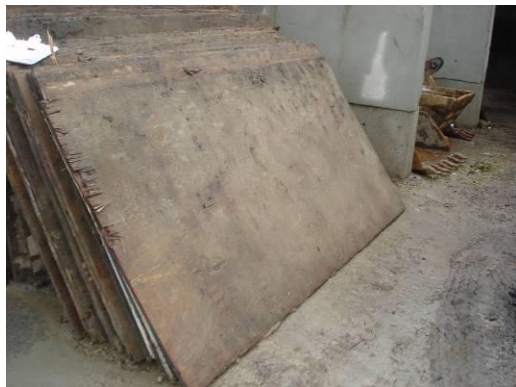
4' x 8' Boards to cover grave

Union: CUPE Local 1004 Reports to: Cemetery Sub Foreman
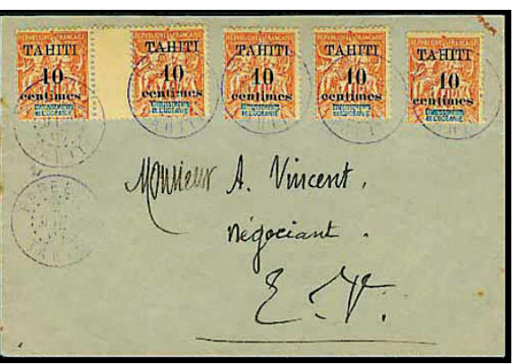
Fig. 31: 1907 cover with five copies of 10c on 40c, Tahiti Sc. 31, including gutter pair, tied by Papeete double-ring cancels
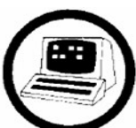
Computers AM & PM Sessions Limit 12

Work task:
Print every line of the material above exactly as it reads, skipping the pictures.

Exercise result:
4' x 8' Boards to cover grave

Union: CUPE Local 1004 Reports to: Cemetery Sub Foreman
Fig. 31: 1907 cover with five copies of 10c on 40c, Tahiti Sc. 31, including gutter pair, tied by Papeete double-ring cancels
Computers AM & PM Sessions Limit 12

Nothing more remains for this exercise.